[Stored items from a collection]
┏━━
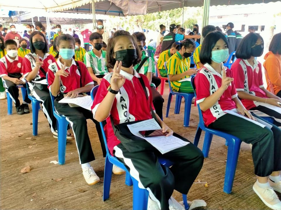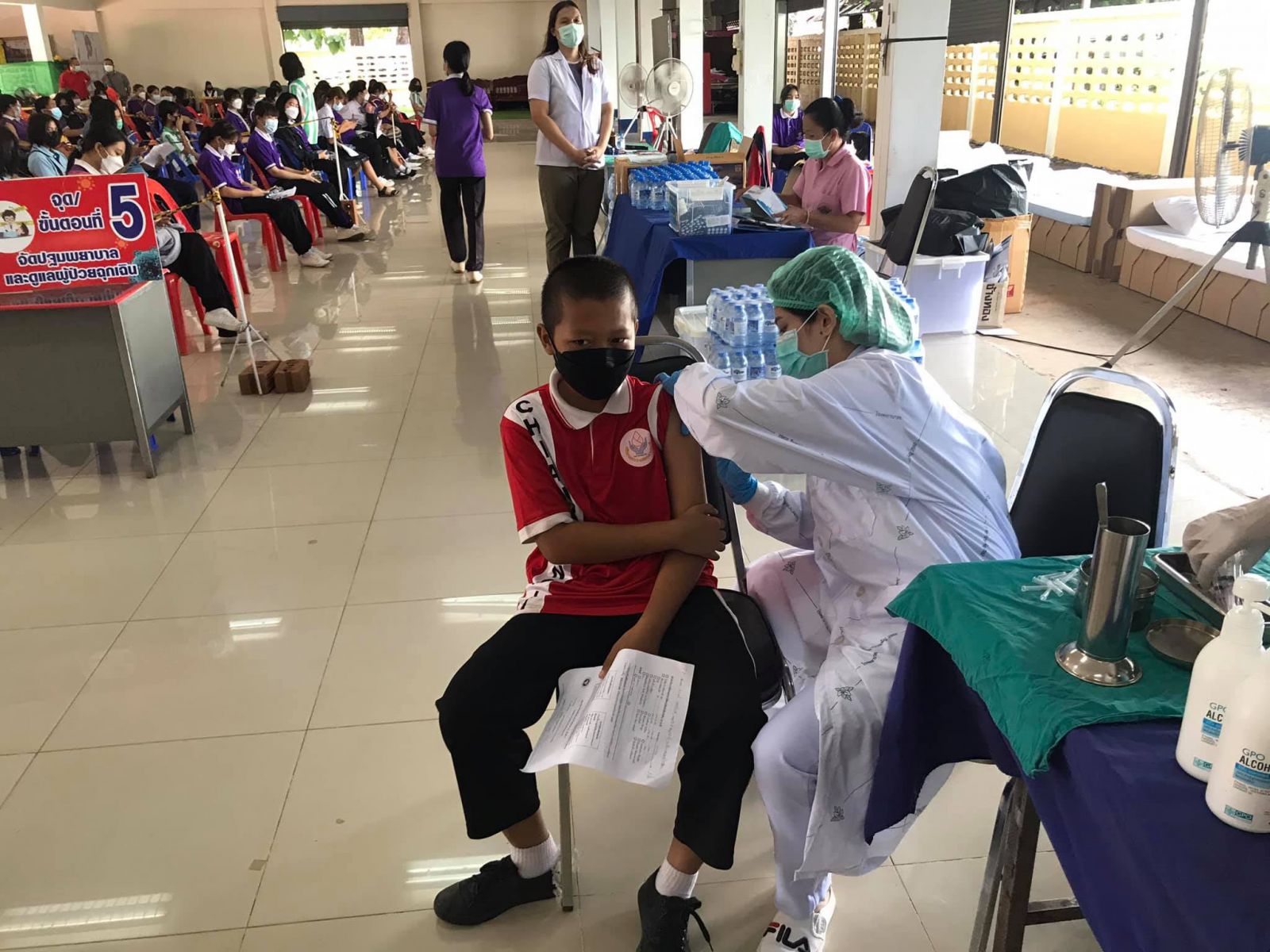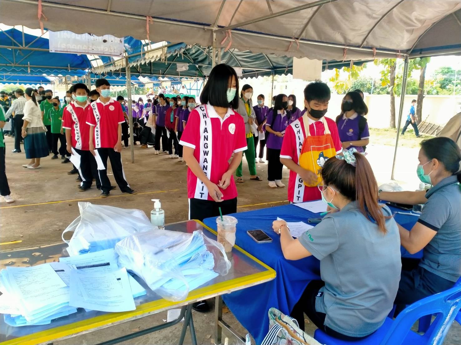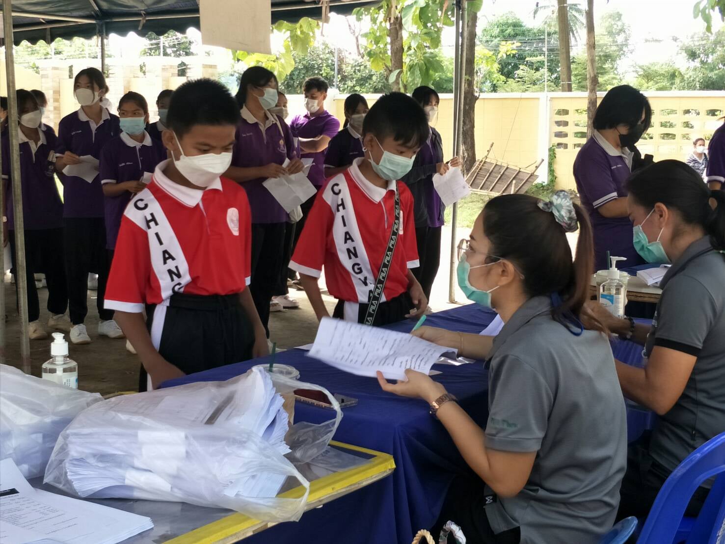 นักเรียนชั้นมัธยมศึกษาตอนต้น โรงเรียนเชียงหวางพิทยาคาร เข้ารับการฉีดวัคซีนป้องกันโรคติดต่อเชื้อไวรัสโคโรน่า
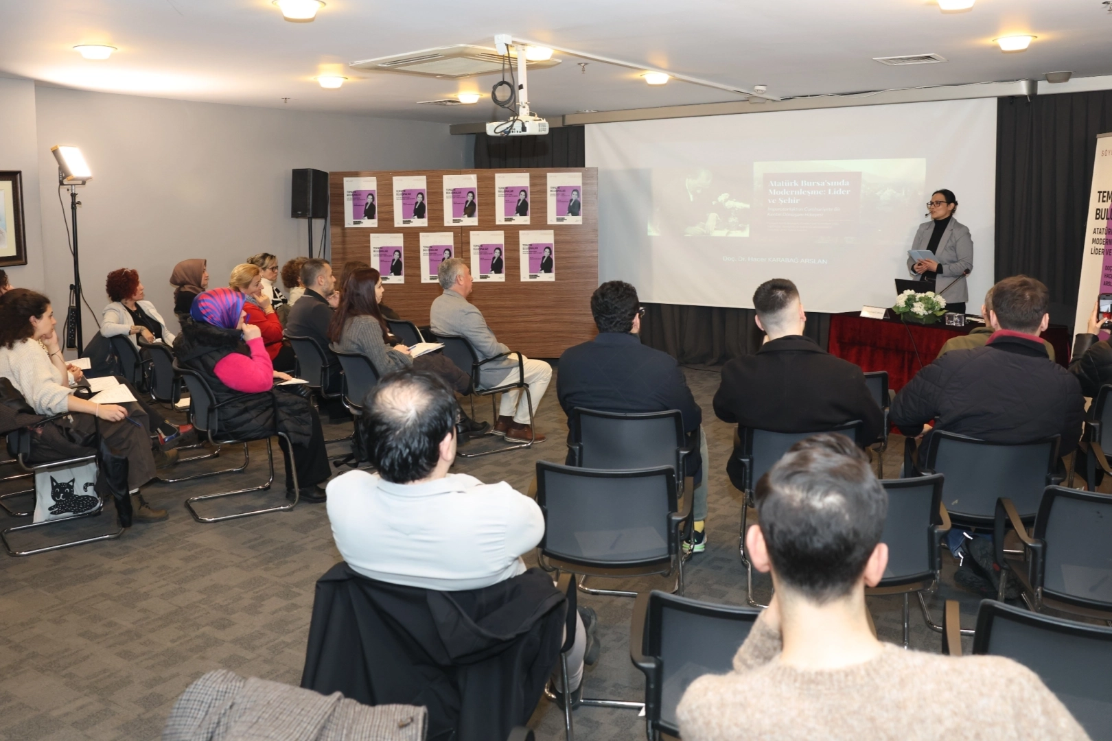BURSA (İGFA) - Nilüfer Belediyesi’nin “Tematik Buluşmalar” söyleşisinin bu ayki konuğu, Bursa Uludağ Üniversitesi (BUÜ) Tarih Bölümü Öğretim Üyesi Doç. Dr. Hacer Karabağ Arslan oldu. Nazım Hikmet Kültürevi’nde düzenlenen “Atatürk Bursa’sında Modernleşme: Lider ve Şehir” başlıklı söyleşide Arslan, Atatürk’ün Bursa ziyaretlerinin arka planını ve kentin sosyal, ekonomik ve kültürel değişimini anlattı.
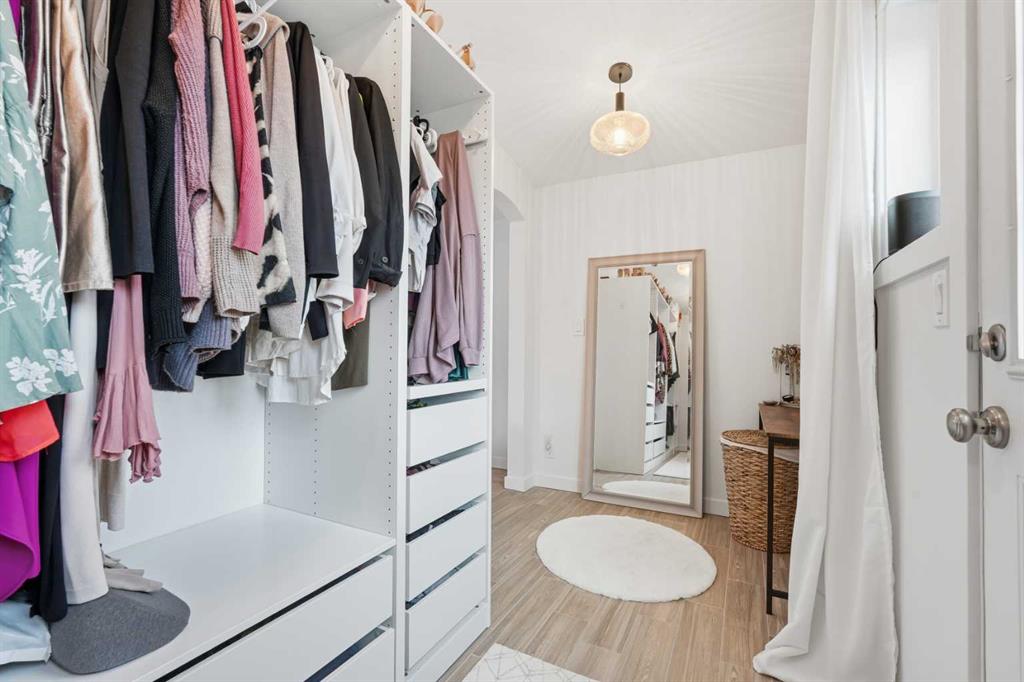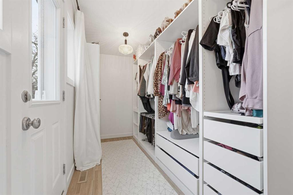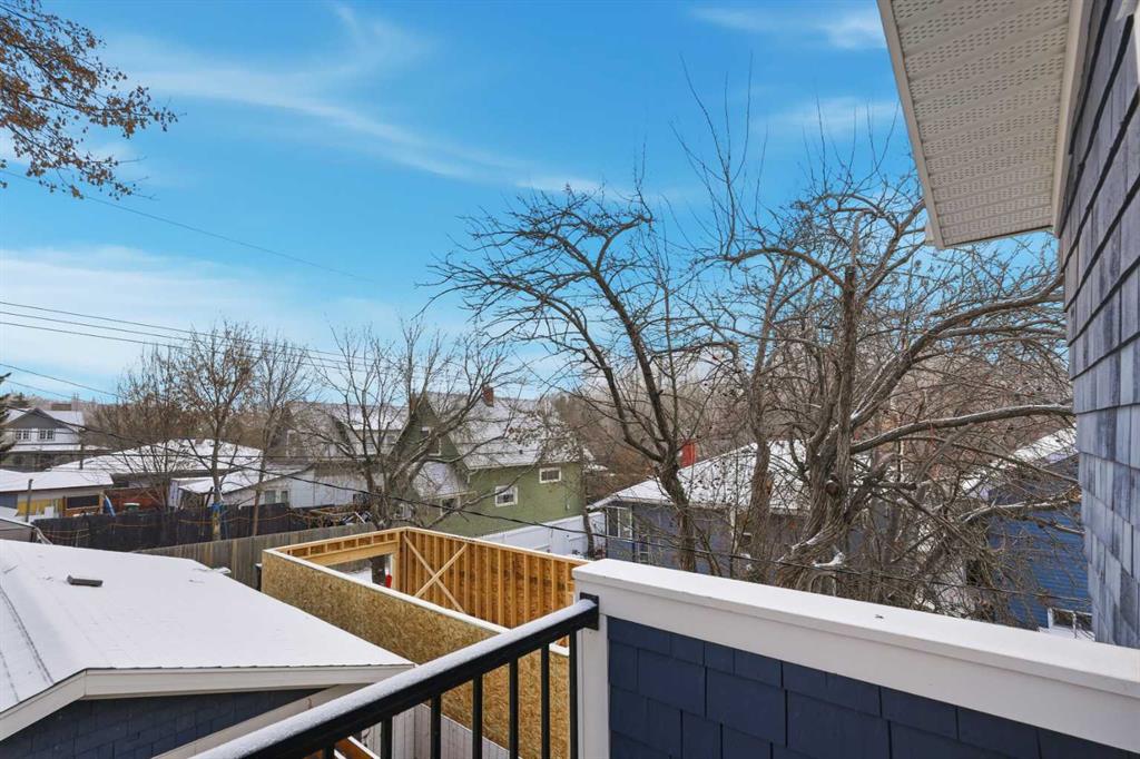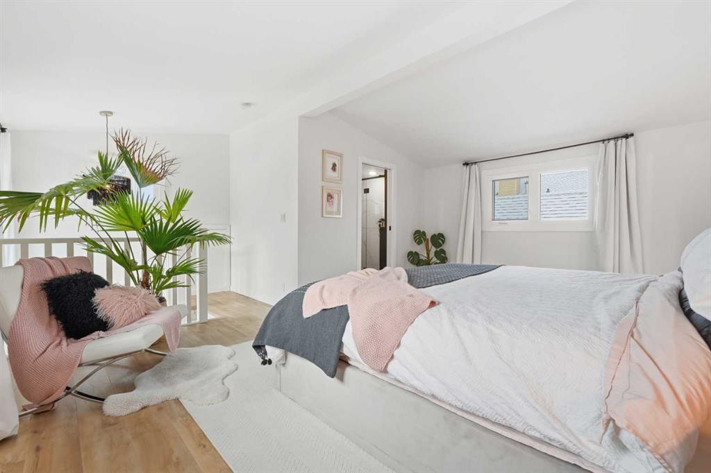 Upstairs, the primary suite feels like a private retreat with a walk-in closet, built-in storage, a private balcony, and a full ensuite bathroom—a rare and desirable feature in a character home.
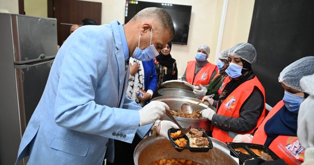 وخلال جولته، حرص المحافظ على المشاركة في إعداد وتجهيز عدد من الوجبات داخل المطابخ، حيث شارك العاملين والمتطوعين في تعبئة الوجبات وتجهيزها للتوزيع، في لفتة إنسانية تعكس دعمه الكامل لهذه المبادرات المجتمعية.
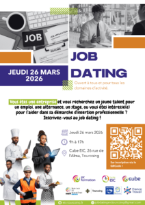 Job dating régional + Ajouter à mon Agenda Google + Exportation iCal / Outlook 00 jours 00 heures 00 minutes 00 secondes Date 26 Mar 2026 Heure 9h00 - 17h00 Lieu Le Cube EIC Au croisement des rues de l'Alma et du Dragon, 59200 Tourcoing Partagez cet événement
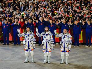 (251031) -- JIUQUAN, 31 octubre, 2025 (Xinhua) -- Los astronautas chinos, Zhang Lu (frente), Wu Fei (c) y Zhang Hongzhang...
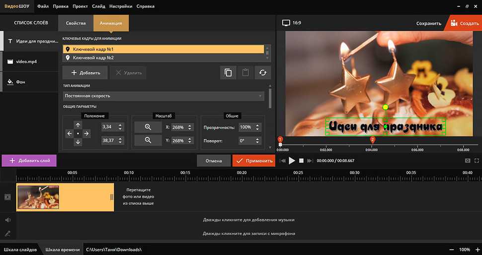 Если вы хотите создать собственный тип анимации или написать текст на видео на конкретном временном отрезке, воспользуйтесь ручной настройкой. Для этого перейдите в режим редактирования слайда и добавьте слой с обычной надписью. Затем откройте вкладку «Анимация». Там вы сможете самостоятельно регулировать перемещение текста по видео и его внешние свойства, фиксируя каждое изменение с помощью ключевых точек.
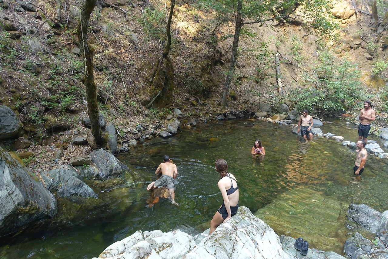 Wildman과 T-bunnz가 출발하고 30분이 더 지난 후에 출발한 우리는 라즈베리를 딴다고 시간을 보낸 것도 모자라 'Seiad valley'로 향하는 큰 다리 아래로 흐르는 강을 그냥 지나칠 수 없어 길가에 배낭을 벗어두고는 수영을 하기로 했다. 내려가는 길이 포이즌 오크로 뒤덮여 있었지만 아랑곳하지 않고 속옷만 입은 채로 돌진했다. 모처럼 물속에서 한가한 시간을 보내고 있던 비버도 갑자기 출현한 우리로 인해 쉴 곳을 잃고는 시끄러움을 피해 어디론가 사라져 버렸다. 너나 할 거 없이 물 만난 고기처럼 첨벙첨벙 물속에서 뛰어노는 모습이 꼭 동네 개구쟁이처럼 못 말리는 혈기왕성한 하이커들이었다.
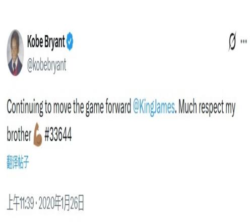6年前的今天:科比人生最后一条推特恭喜詹姆斯总得分超越自己
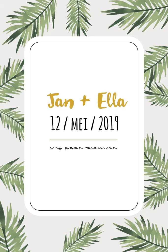 Een mooie trouwhuisstijl, in botanical palm bladeren. Deze trouwhuisstijl kan je gebruiken voor heel je kaarten lijn. Wil je iets anders of zijn er vragen mail ons gerust, dan helpen wij je graag!
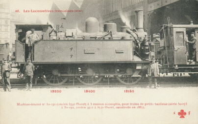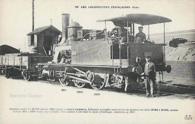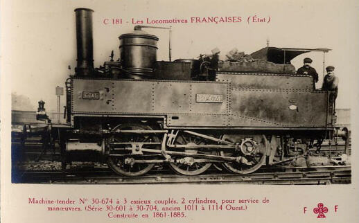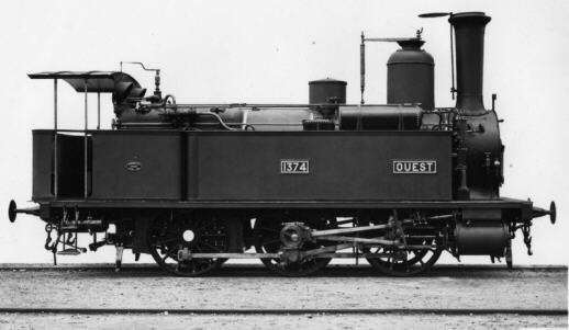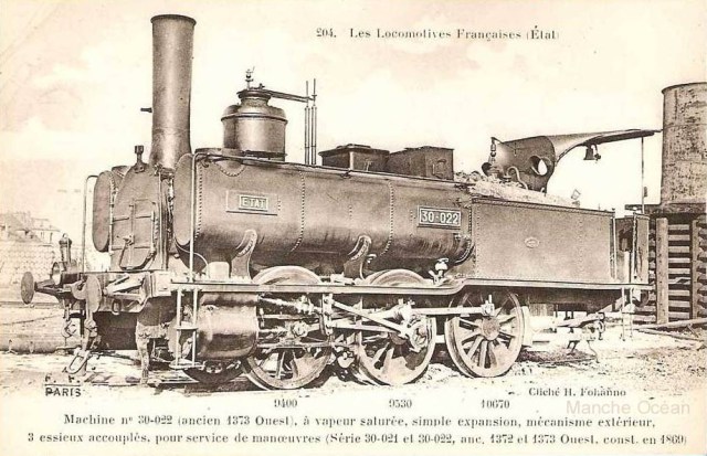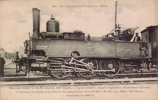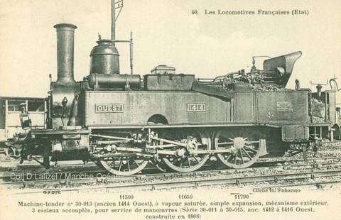 1873: locomotives 1412 à 1416Ces machines proviennent de l'ancienne compagnie d'Alençon - Condé. Machines à roues de 1,40 m, elles seront immatriculées 30-011 à 015 en 1909.
┗━━
▶ **INSTRUCTIONS FOR THE TASK**:
A verbatim copy of the data, pictures removed, is the expected result.

▶ **RESPONSE AREA**:
 นักเรียนชั้นมัธยมศึกษาตอนต้น โรงเรียนเชียงหวางพิทยาคาร เข้ารับการฉีดวัคซีนป้องกันโรคติดต่อเชื้อไวรัสโคโรน่า
BURSA (İGFA) - Nilüfer Belediyesi’nin “Tematik Buluşmalar” söyleşisinin bu ayki konuğu, Bursa Uludağ Üniversitesi (BUÜ) Tarih Bölümü Öğretim Üyesi Doç. Dr. Hacer Karabağ Arslan oldu. Nazım Hikmet Kültürevi’nde düzenlenen “Atatürk Bursa’sında Modernleşme: Lider ve Şehir” başlıklı söyleşide Arslan, Atatürk’ün Bursa ziyaretlerinin arka planını ve kentin sosyal, ekonomik ve kültürel değişimini anlattı.
 Upstairs, the primary suite feels like a private retreat with a walk-in closet, built-in storage, a private balcony, and a full ensuite bathroom—a rare and desirable feature in a character home.
 وخلال جولته، حرص المحافظ على المشاركة في إعداد وتجهيز عدد من الوجبات داخل المطابخ، حيث شارك العاملين والمتطوعين في تعبئة الوجبات وتجهيزها للتوزيع، في لفتة إنسانية تعكس دعمه الكامل لهذه المبادرات المجتمعية.
 Job dating régional + Ajouter à mon Agenda Google + Exportation iCal / Outlook 00 jours 00 heures 00 minutes 00 secondes Date 26 Mar 2026 Heure 9h00 - 17h00 Lieu Le Cube EIC Au croisement des rues de l'Alma et du Dragon, 59200 Tourcoing Partagez cet événement
 (251031) -- JIUQUAN, 31 octubre, 2025 (Xinhua) -- Los astronautas chinos, Zhang Lu (frente), Wu Fei (c) y Zhang Hongzhang...
 Если вы хотите создать собственный тип анимации или написать текст на видео на конкретном временном отрезке, воспользуйтесь ручной настройкой. Для этого перейдите в режим редактирования слайда и добавьте слой с обычной надписью. Затем откройте вкладку «Анимация». Там вы сможете самостоятельно регулировать перемещение текста по видео и его внешние свойства, фиксируя каждое изменение с помощью ключевых точек.
 Wildman과 T-bunnz가 출발하고 30분이 더 지난 후에 출발한 우리는 라즈베리를 딴다고 시간을 보낸 것도 모자라 'Seiad valley'로 향하는 큰 다리 아래로 흐르는 강을 그냥 지나칠 수 없어 길가에 배낭을 벗어두고는 수영을 하기로 했다. 내려가는 길이 포이즌 오크로 뒤덮여 있었지만 아랑곳하지 않고 속옷만 입은 채로 돌진했다. 모처럼 물속에서 한가한 시간을 보내고 있던 비버도 갑자기 출현한 우리로 인해 쉴 곳을 잃고는 시끄러움을 피해 어디론가 사라져 버렸다. 너나 할 거 없이 물 만난 고기처럼 첨벙첨벙 물속에서 뛰어노는 모습이 꼭 동네 개구쟁이처럼 못 말리는 혈기왕성한 하이커들이었다.
6年前的今天:科比人生最后一条推特恭喜詹姆斯总得分超越自己
 Een mooie trouwhuisstijl, in botanical palm bladeren. Deze trouwhuisstijl kan je gebruiken voor heel je kaarten lijn. Wil je iets anders of zijn er vragen mail ons gerust, dan helpen wij je graag!
 1873: locomotives 1412 à 1416Ces machines proviennent de l'ancienne compagnie d'Alençon - Condé. Machines à roues de 1,40 m, elles seront immatriculées 30-011 à 015 en 1909.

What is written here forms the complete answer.